I met Bryan when me and my best girl friend Christina went to a skychiefs baseball game, just for fun the 2 of us and my sister and her friend ran around the stadium saying "Hi bob!" to completely random people. (My sister and her friends idea; hey, we were having fun!) Well there was never a greater act of fate in my life than at that moment when he happened to be walking up the stairs to the top section of the stadium and we happened to be walking by that particular place. If the 4 of us girls had decided to stop and get french fries, to walk the other way or go back and actually watch the baseball game... Well, I'm so glad we didn't do those things.
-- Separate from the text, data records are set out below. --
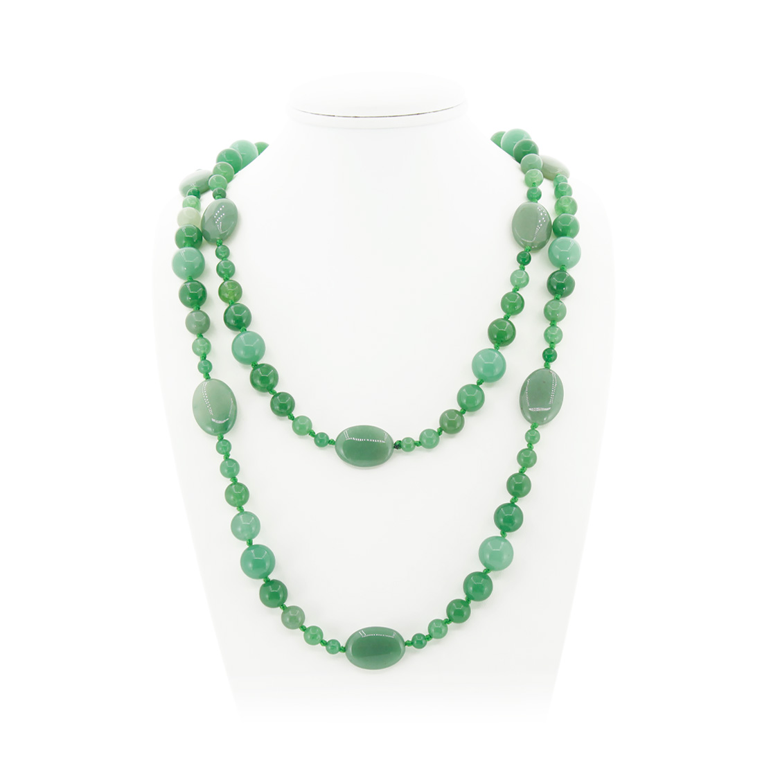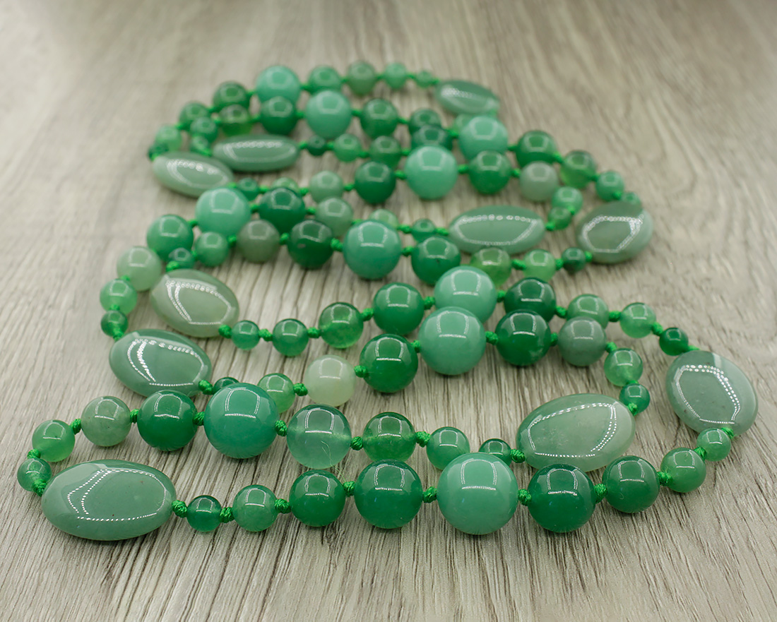 Авантюрин зеленый (Индия), разноразмерные круглые с плоскими овалами 18х25мм, бусы "Стихия", длина бус 134см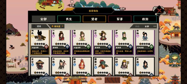 l 本评测为新手向,仅针对常规玩法并且对于道具使用考虑较少。速通玩法和老手应该都有自己的理解,看个乐就行了,不要太较真。l 数据部分参考无悔华夏bwiki站。l 名臣评测主要考虑名臣政策,对于获得难度,太守技能,家仆强度,战役政策,名臣属性加成考虑较少,因此并不全面。l 主要针对5星名臣进行评测,对于某些1星和5星差距巨大的名臣仍然会以5星实用性为准。1. 羲和:5星可以说是泛用性最强的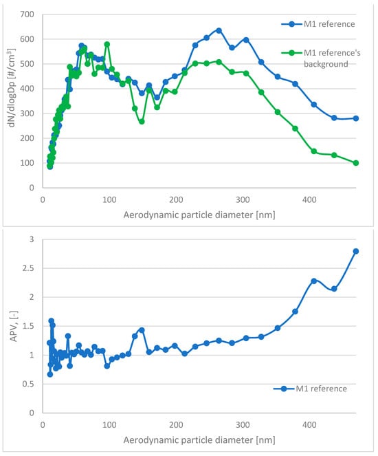 A trend was observed for all analyzed sample variants, where the APV for the TiO2-modified samples was lower than for the reference samples. The highest emittance levels were observed for grains of approx. 1.0 to 5.0 µm, especially for reference variants (Figure 5, Figure 6, Figure 7 and Figure 8).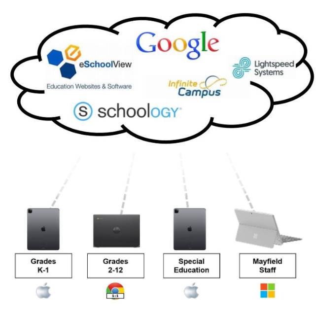 The Mayfield City School device plan began with the implementation of a new district website provided by ESchoolView and was followed by the rolling out of the Infinite Campus student information system. Over the course of the previous school years, students in grades 2 though 12, and staff members at all levels, have received Google Workspace for Education accounts as well as training/familiarization with Chromebooks and iPads where applicable.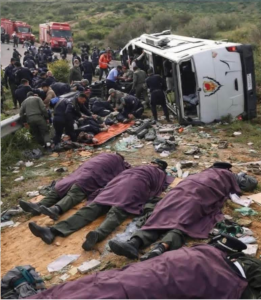 وقعت صباح يومه السبت 21 فبراير 2026 حادثة سير تلقائية لحافلة كانت تقل 44 عنصرا من الفرقة المتنقلة لحفظ النظام بمدينة سيدي إفني كانوا في مهمة، حيث انقلبت الحافلة على مستوى قنطرة “واد سيدي الوافي” أو “واد أدبوشني”، لما فقد السائق السيطرة عليها في منحدر طرقي وعر بسبب المنعرجات الخطرة .. وذلك، على بعد نحو 24 كيلومترا من المدينة باتجاه تيزنيت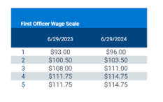 · Pilots who do not flow after completing five full years of service will move to top of scale Captain pay ($213 per hour)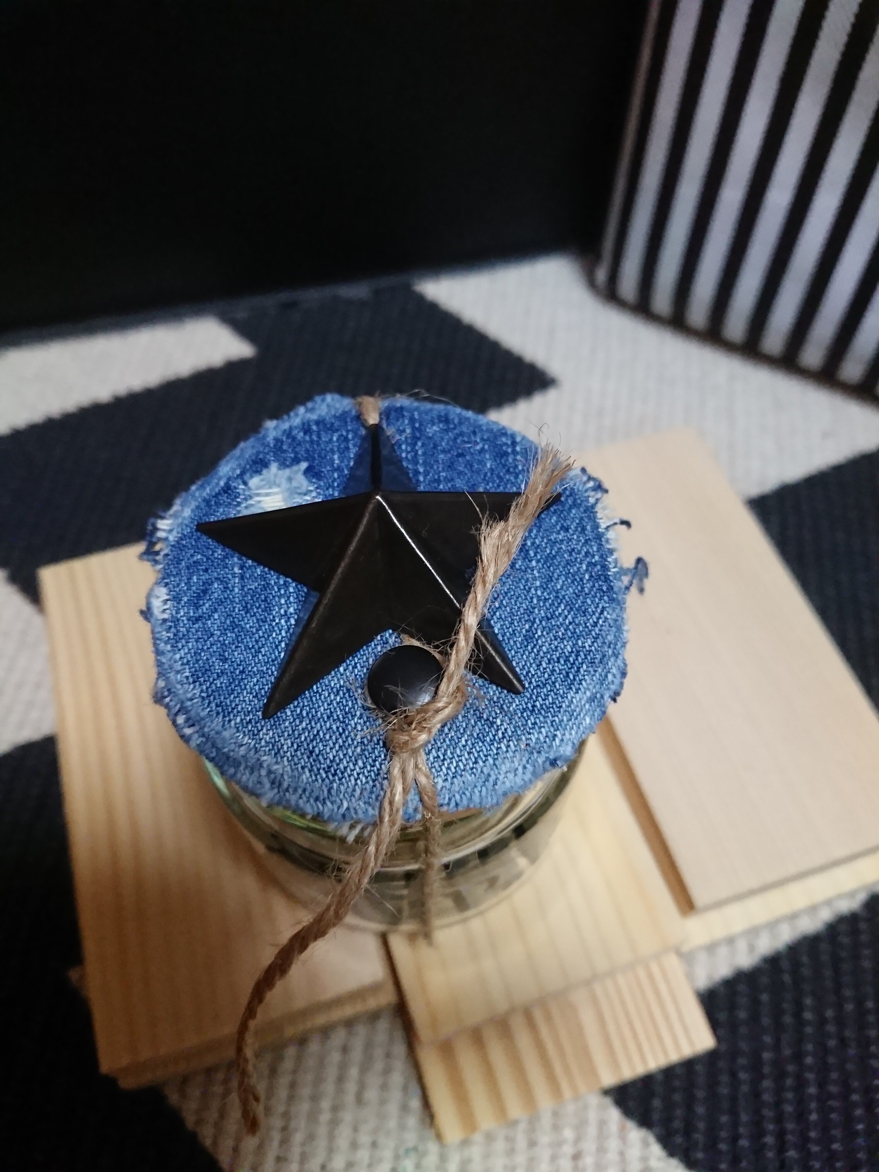 空きビンをリメイクしたキャンドルです。 フタ付きのハンドメイド感満載の、キャンドルです。手書きのポップなロゴがかわいいデザインになってます!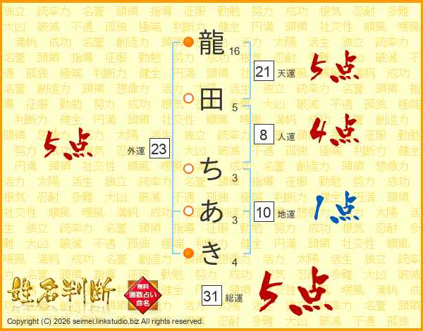 龍田ちあきさんの総運は31画の5点!

We called our "Hi bob!" and he said "Hi Susan!" He happened to humor us unlike the others so we went up and were a bit annoying, throwing popcorn at him and his friends.
It's kind of a long story but my friend Christina ended up deciding she "liked" him, and got his phone number and screen name. They dated for a month. I hung out with them sometimes and I always liked Bryan, just as a friend. I always noticed something between us when we caught each others glances, or when we laughed together. He was fun and I was disappointed at Christina when they broke up. But he stayed in my life. We started hanging out, and I found out later that he had a crush on me. But I was stuck on this other jerk that I had been dating who hurt me and Bryan helped me thru it. Eventually we saw more and more of each other, he started liking someone else by the time I realized he had feelings for me. There were some painful times: one time we were hanging out as just friends and I went to get out of the car when he brought me home. I suddenly realized that I didn't want to leave his car. I didn't even know why, but suddenly Ryan (the previous bf) didn't matter and all I wanted was to stay out with Bryan. That was when I first felt feelings for him, but I convinced myself I wanted Ryan and tried to push those feelings away.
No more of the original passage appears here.